One o' them "Graphical Novels" the kids're all excited about these days

Today I finished Charles Burns' "Black Hole," which is one of the biggest things to hit the comics world in a while - everybody's been reading it and everybody's been talking about it. And now I see why. This book is great - totally engrossing (with a definite emphasis on the "gross") from start to finish.

I will say that the narrative is perhaps a little clunky, and kind of falls apart at the end...but it's not really a story-driven work. It's much more about character, setting and mood. And that, my friends, is all quite masterfully handled.

First off, the art...well, it's simply gorgeous. And my cardinal rule of comics is this: If the art's no good, the comic is no good (though my standards of what constitutes "good art" are pretty broad). It's all very dark - Burns must go through black india ink by the bucket. But at the same time, his lines are very clean. Every lock of hair and every shadow has crisp, well-defined edges. His characters have a simple, cartoony look, but are very expressive. It's sort of a "Sin City" Frank Miller meets Tom Tomorrow look, overall - though I suppose that sells Burns' wonderful eye for fine detail short. Every panel is worth examination. And he doesn't shy away from the graphic and disturbing images that his story requires.

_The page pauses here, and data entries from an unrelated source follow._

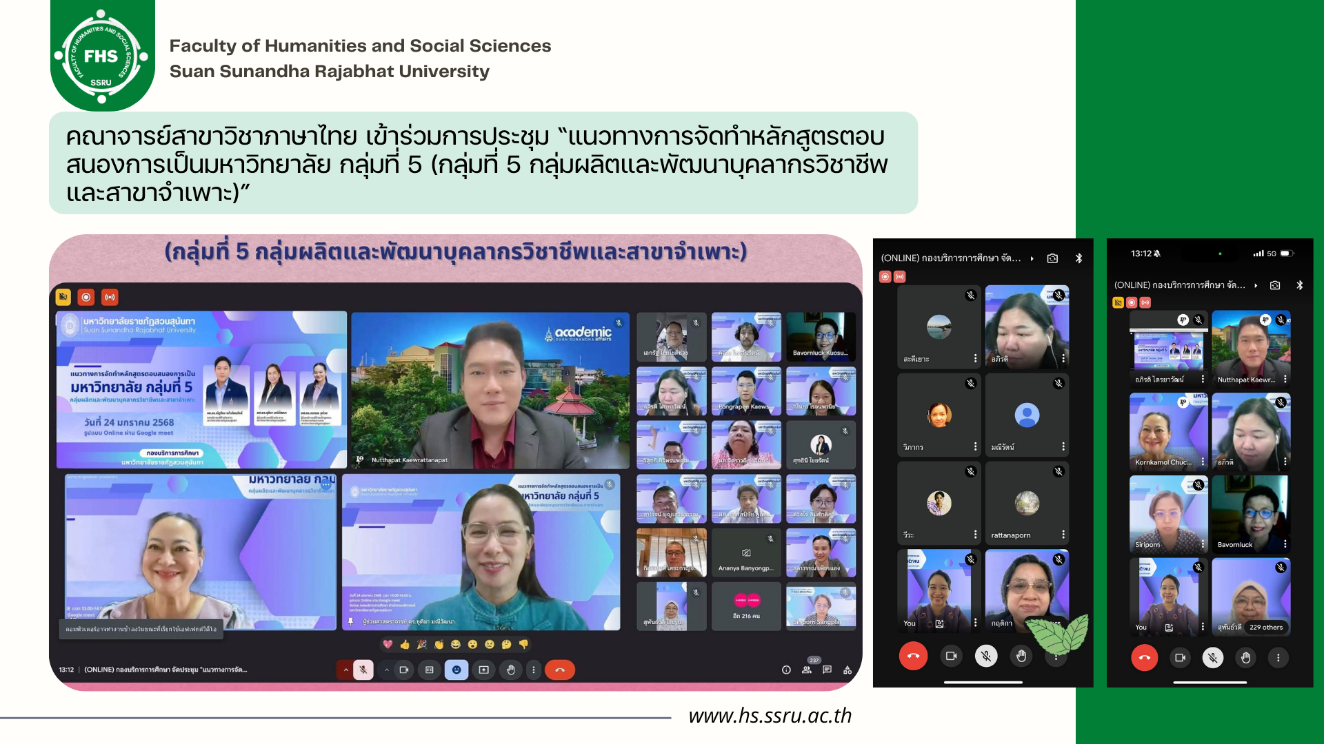 เมื่อวันที่ 24 มกราคม 2568 เวลา 13.00 น. คณาจารย์ประจำสาขาวิชาภาษาไทย คณะมนุษยศาสตร์และสังคมศาสตร์ มหาวิทยาลัยราชภัฏสวนสุนันทา เข้าร่วมการประชุม “แนวทางการจัดทำหลักสูตรตอบสนองการเป็นมหาวิทยาลัย กลุ่มที่ 5 (กลุ่มที่ 5 กลุ่มผลิตและพัฒนาบุคลากรวิชาชีพและสาขาจำเพาะ)” ผ่านระบบออนไลน์ Google Meet โดยมี ผู้ช่วยศาสตราจารย์ ดร.ณัฐภัทร แก้วรัตนภัทร์ รองอธิการบดีฝ่ายวิชาการ เป็นประธานการประชุม พร้อมด้วย ผู้ช่วยศาสตราจารย์ ดร. ชุติมา มณีวัฒนา ผู้ช่วยอธิการบดีฝ่ายวิชาการ และ ผู้ช่วยศาสตรจารย์ ดร. กรกมล ชูช่วย ผู้ช่วยอธิการบดีฝ่ายหลักสูตรและการจัดการเรียนการสอน ร่วมกันขับเคลื่อนแนวทางการจัดทำหลักสูตรตอบสนองการเป็นมหาวิทยาลัย กลุ่มที่ 5 (กลุ่มที่ 5 กลุ่มผลิตและพัฒนาบุคลากรวิชาชีพและสาขาจำเพาะ) เพื่อยกระดับคุณภาพการศึกษาของมหาวิทยาลัยราชภัฏสวนสุนันทา
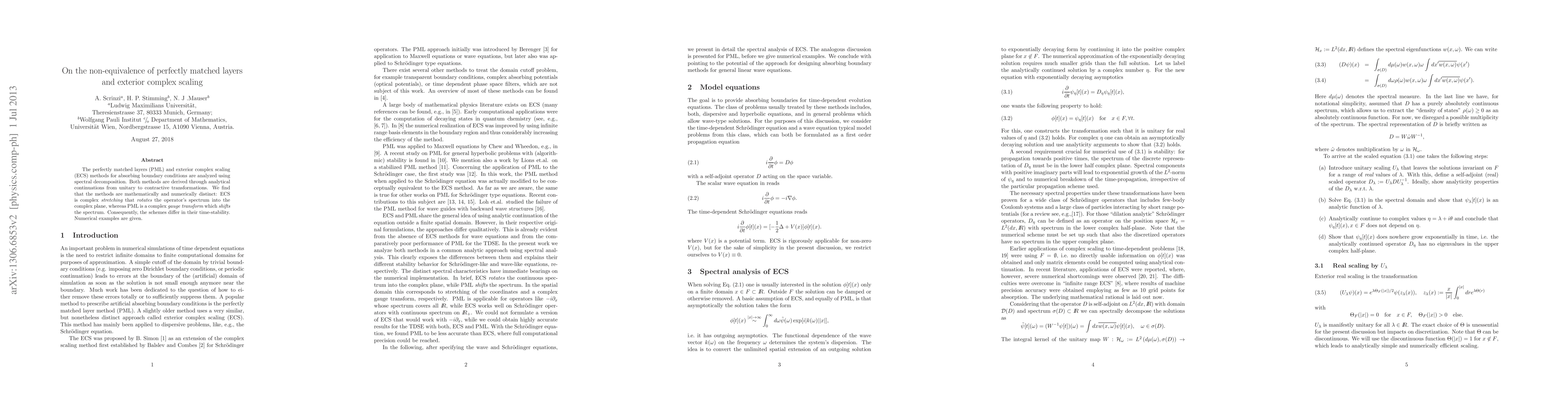 The paper compares perfectly matched layers (PML) and exterior complex scaling (ECS) methods for absorbing boundary conditions, revealing that they are mathematically and numerically distinct due to their different spectral transformations, leading to differences in time-stability. Numerical examples illustrate these distinctions.
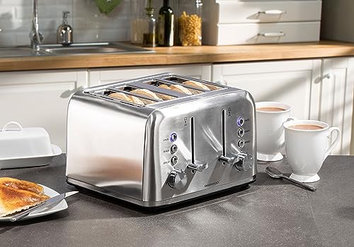 Daewoo Kensington, Toaster 4 Slice, Stainless Steel, Removable Crumb Tray, Defrost, Reheat And Browning Controls, Cancel Function, High Lift Lever, Easy To Clean, Stainless Steel

It's remarkable how well Burns both evokes the exact era in which his story is set (the mid-'70s, "when it wasn't exactly cool to be a hippie anymore, but Bowie was still just a little too weird," to quote from the dustjacket), and creates a timeless quality as well with the overall mood. He captures perfectly the way what's cool for high schoolers can shift from day to day, and the way that every teenager, from the freaks & geeks (to borrow a phrase) to the cool kids feels alienated, isolated and misunderstood...and how every teenager can go out of their way to make others feel it, too.

I loved it, and it'll probably only be a couple of days before I start reading it all over again. Comic books like this are rare, wonderful treats, worthy of reading and rereading over and over, worthy of close inspection and intense discussion.